On the other hand if you want to highlight the places where the fields are accessed, then we need to do something different -- let me know if so.
@smowton Thanks again for the detailed proposed solution. Unfortunately the nested structs we are dealing with are deeply nested, and they could be reused in different structs, e.g.,
livenessProbe *v1.Probe
readinessProbe *v1.Probe
And the structs may be defined by external libraries.
We recently explored a bit more on the edges table produced by the path-problem query, and we believe we may pull this off by reconstructing the graph from all edges from the table.
We are currently figuring out how to get all the edges from query. The default query predicate from the PathGraph module seems to skip many implicit edges, such as implicit dereferences.
And the structs may be defined by external libraries.
Do you mean the type is defined externally, or that the instance of the struct is created externally? In other words, do you always have a struct literal that is the root of the path you want to explore, or can it be an external call to somepkg.GetAStruct() or the like?
We are currently figuring out how to get all the edges from query.
You should be aware here that the edges table, which is derived from PathNode.getASuccessor which in turn is driven by localFlowBigStep, as the name suggests deals in big steps, not the small steps seen by DataFlow::Node.getASuccessor. A big step is a sequence of small steps that ends at (a) a jump-step (one that discards call context, like a global variable write), (b) flow into or out of a call, (c) a store into or read from a struct, array or collection, or (d) a type-cast. The set of big-step terminators can also be augmented by the predicate neverSkip(DataFlow::Node) predicate of a dataflow configuration, though there may be performance consequences for introducing a lot of extra steps. Search for localFlowExit to see the details of how this is done.
Regarding the proper solution here, I have to say I still don't really understand your end goal. It might help to show a slightly more realistic example, and what problem or characteristic of the program you want CodeQL to highlight?
Hi @smowton , thanks for all the help. We have solved our problem by post-processing the SARIF file returned by the codeql, utilizing the path-problem.
To get the full path of the properties, we configured the never_skip predicate in the TaintFlow config to any(), so that we never skip any steps.

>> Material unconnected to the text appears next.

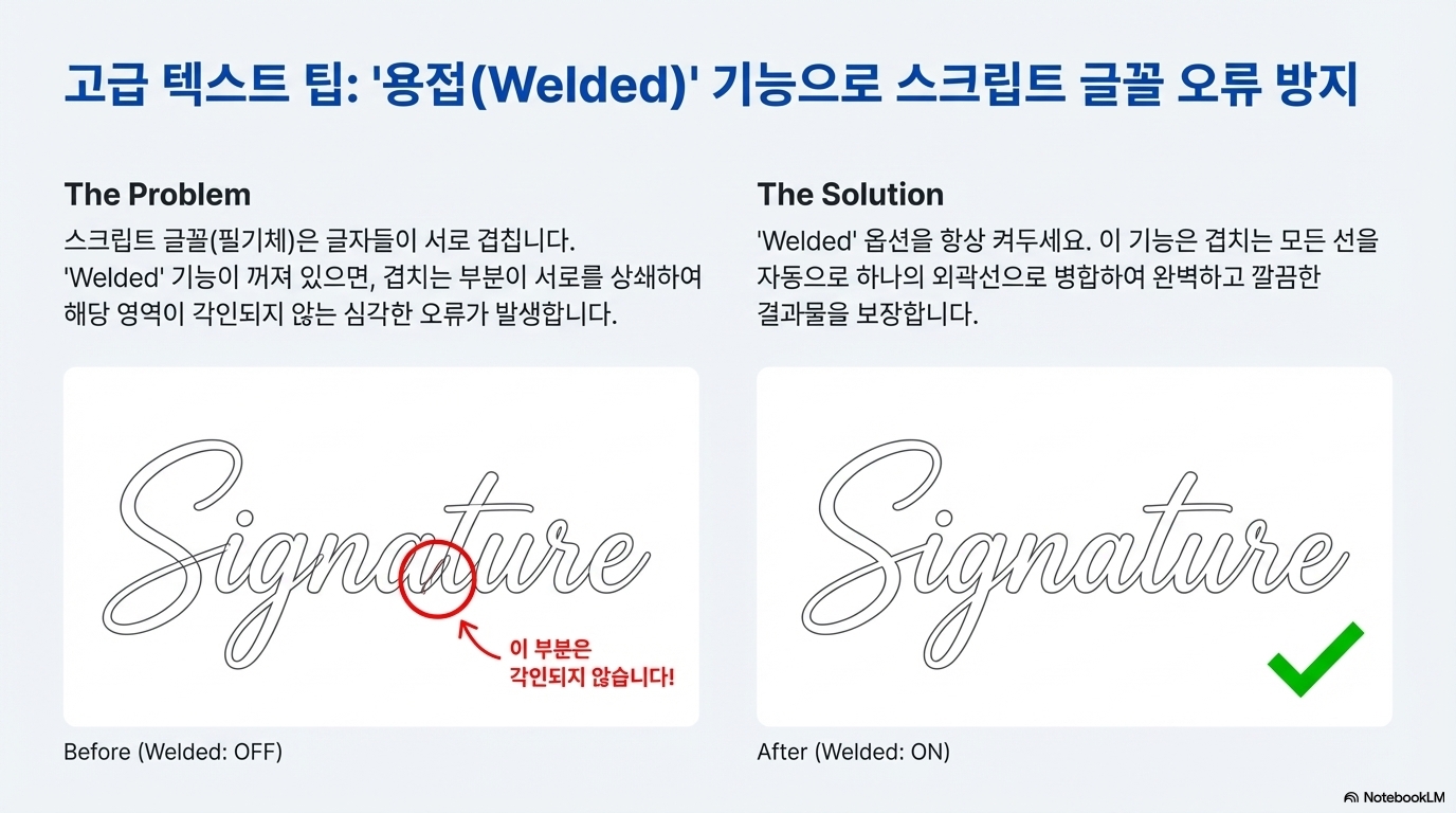 실전 활용 팁: 이 기능은 단순히 각인할 때만 유용한 것이 아닙니다. 특히 나무나 아크릴로 글자 커팅을 할 때 결정적인 역할을 합니다. 만약 '용접' 기능을 끄고 필기체를 자르면, 글자들이 겹치는 부분마다 불필요한 내부 커팅 라인이 생겨 조각이 나 버리거나 디자인이 망가지는 결과를 초래합니다. '용접' 기능은 이러한 문제를 완벽하게 방지해 줍니다.

We defined the source of the taint analysis to be the root of the struct in our interest, and the sink to be any().
After running the query, we get the SARIF file and parse the paths from the results. By only looking at the selection nodes in the paths, we are able to get the full paths of the sinks.
In case CodeQL is doing field-sensitive taint analysis (where the taint flows into a subfield of another struct, and gets selected later), we handled it by maintaining a stack.
If anyone else encounter a use case like we do, we are happy to share our solution in greater detail.
Closing this as it is resolved now. Thanks again @smowton !!